ラリー最終日は4本のSSで構成され、その合計距離は約46kmと短い。しかし1回でも大きなミスをすれば逆転される可能性もあり、前戦のようにトラブルが起きれば勝利を失うかもしれない。そのためチームはクルマのチェックを入念に行ない、タナックも集中力を高めて最終日のステージに臨んだ。オープニングのSS20では大会5回目のベストタイムを記録。それはタナックにとって今季50回目、ヤリスWRCで120回目、そして通算200回目の記念すべき記録となった。

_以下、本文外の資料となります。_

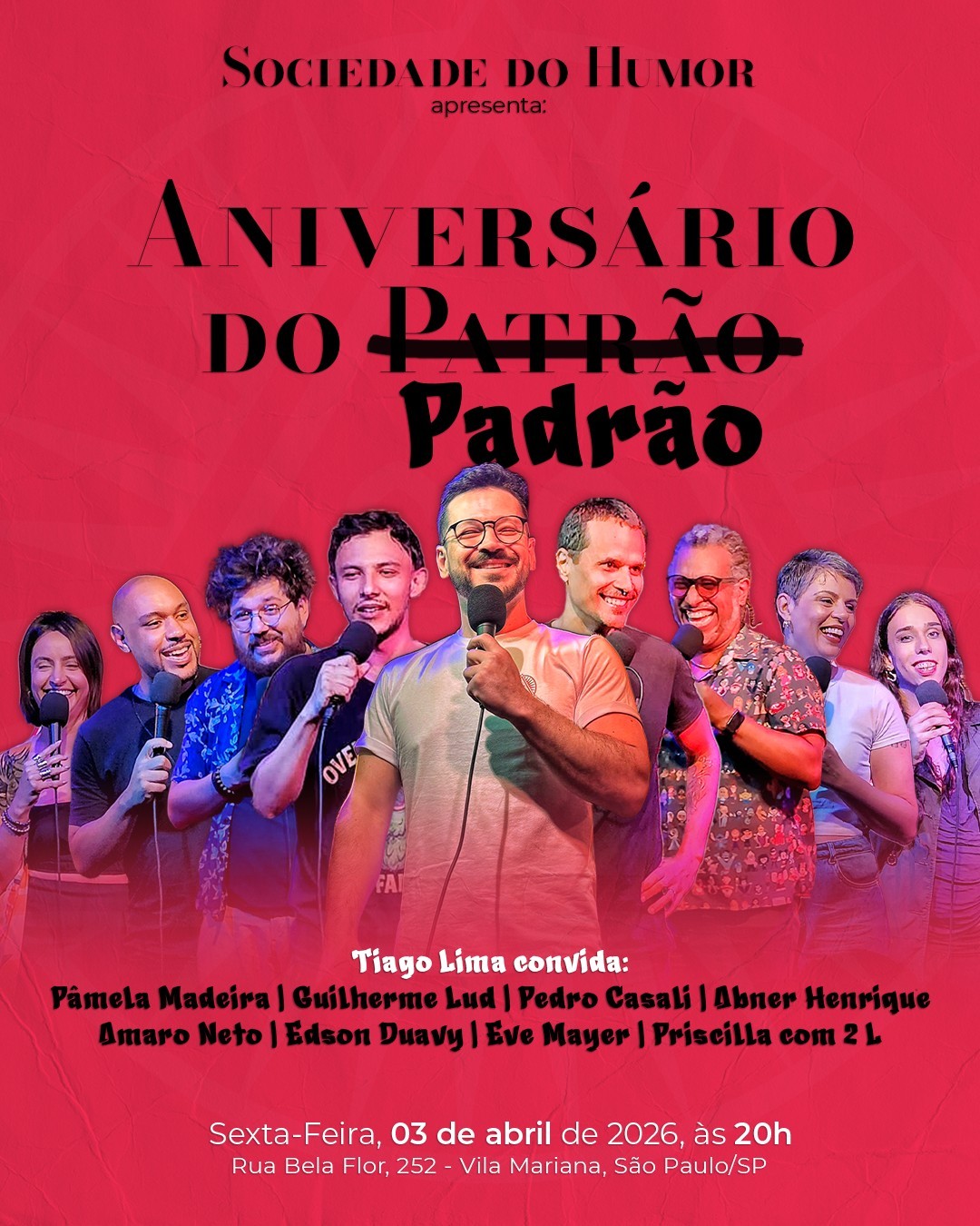 Nosso padrãozinho vai ficar (ainda) mais velho! E convidou amigos incríveis pra tornar essa comemoração muito mais legal! Elenco: Tiago Lima, Abner Henrique, Amaro Neto, Edson Duavy, Eve Mayer, Guilherme Lud, Pâmela Madeira, Pedro Casali e Priscilla com 2 L. Já garante seu ingresso (tá muito mais barato que comprar presente, ou rachar a conta com aquele amigo sem noção que pede o bar e a cozinha inteiros só porque vai dividir por igual). Quer dar um presente ainda mais legal pro nosso aniversariante? Segue ele no instagram: @tidiverte

総合2位のライバルとの差を20秒に拡げたタナックは、優勝への自信を深め、戦略を切り替えた。続く2本のステージではペースを抑え、ひたすらクリーンな走りでタイヤを温存。そして、ボーナスの選手権ポイントを得られる最終のパワーステージで、全開アタックを敢行した。結果、大会6回目のベストタイムをマークし、ボーナスの5ポイントを勝ち取った。そして、優勝により25ポイントを得、合計では30ポイントを獲得。ドライバー選手権におけるリードを大きく拡げた。タナックにとっては完璧なリザルトであり、前戦サルディニアの苦い記憶が、ようやく払拭された。そして、サービスで戦いを見守っていたエンジニア達も、6週間ぶりに重い空気から解放された。ラリーを通してクルマはノートラブル。選手達と、ようやく笑顔で握手をできるようになった。
「週末を通してクルマは完璧だった。チームメイトやライバルも速くコンマ1秒を争う厳しい戦いが続いたが、勝負に勝つことができて嬉しい。昨年はこのラリーでシーズン2勝目だったが、今季は既に4勝目だ。そう考えれば良い流れだといえるが、ライバルも非常に強力だし必ず巻き返してくるだろうから気を許すことはできない。さらに攻め続けないと、タイトルは獲れないだろう」と、タナック。最多となるシーズン4勝目も、タナックにとっては単なる通過点でしかない。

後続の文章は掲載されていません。